[DATA BELOW]
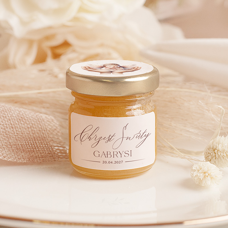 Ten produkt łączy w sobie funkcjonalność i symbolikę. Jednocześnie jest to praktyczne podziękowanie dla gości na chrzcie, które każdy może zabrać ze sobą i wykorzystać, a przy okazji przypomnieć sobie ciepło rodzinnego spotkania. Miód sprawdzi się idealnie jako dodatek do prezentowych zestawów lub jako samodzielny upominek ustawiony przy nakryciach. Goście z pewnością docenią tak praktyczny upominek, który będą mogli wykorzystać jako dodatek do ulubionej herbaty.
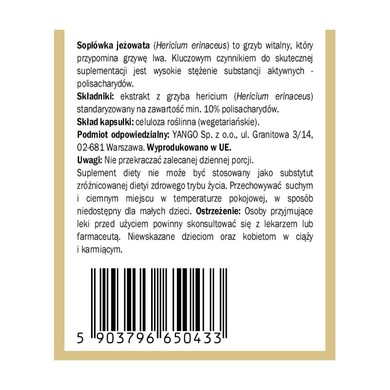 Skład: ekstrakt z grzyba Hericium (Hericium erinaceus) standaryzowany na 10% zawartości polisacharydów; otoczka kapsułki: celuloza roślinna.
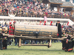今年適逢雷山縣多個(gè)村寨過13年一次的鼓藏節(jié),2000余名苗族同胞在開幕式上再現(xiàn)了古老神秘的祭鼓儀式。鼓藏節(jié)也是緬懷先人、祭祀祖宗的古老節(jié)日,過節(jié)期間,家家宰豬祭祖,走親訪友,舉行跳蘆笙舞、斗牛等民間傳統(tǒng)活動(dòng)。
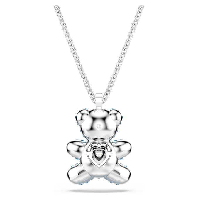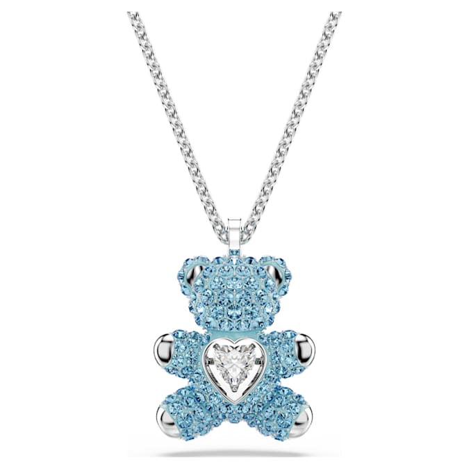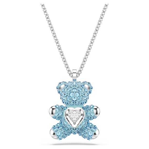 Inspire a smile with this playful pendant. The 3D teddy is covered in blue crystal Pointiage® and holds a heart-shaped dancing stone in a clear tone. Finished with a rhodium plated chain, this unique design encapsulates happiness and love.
[/DATA BELOW]
- [WHAT IS BEING ASKED] The data above should be repeated exactly, minus any pictures.

- [EXPECTED ANSWER]
 Ten produkt łączy w sobie funkcjonalność i symbolikę. Jednocześnie jest to praktyczne podziękowanie dla gości na chrzcie, które każdy może zabrać ze sobą i wykorzystać, a przy okazji przypomnieć sobie ciepło rodzinnego spotkania. Miód sprawdzi się idealnie jako dodatek do prezentowych zestawów lub jako samodzielny upominek ustawiony przy nakryciach. Goście z pewnością docenią tak praktyczny upominek, który będą mogli wykorzystać jako dodatek do ulubionej herbaty.
 Skład: ekstrakt z grzyba Hericium (Hericium erinaceus) standaryzowany na 10% zawartości polisacharydów; otoczka kapsułki: celuloza roślinna.
今年適逢雷山縣多個(gè)村寨過13年一次的鼓藏節(jié),2000余名苗族同胞在開幕式上再現(xiàn)了古老神秘的祭鼓儀式。鼓藏節(jié)也是緬懷先人、祭祀祖宗的古老節(jié)日,過節(jié)期間,家家宰豬祭祖,走親訪友,舉行跳蘆笙舞、斗牛等民間傳統(tǒng)活動(dòng)。
 Inspire a smile with this playful pendant. The 3D teddy is covered in blue crystal Pointiage® and holds a heart-shaped dancing stone in a clear tone. Finished with a rhodium plated chain, this unique design encapsulates happiness and love.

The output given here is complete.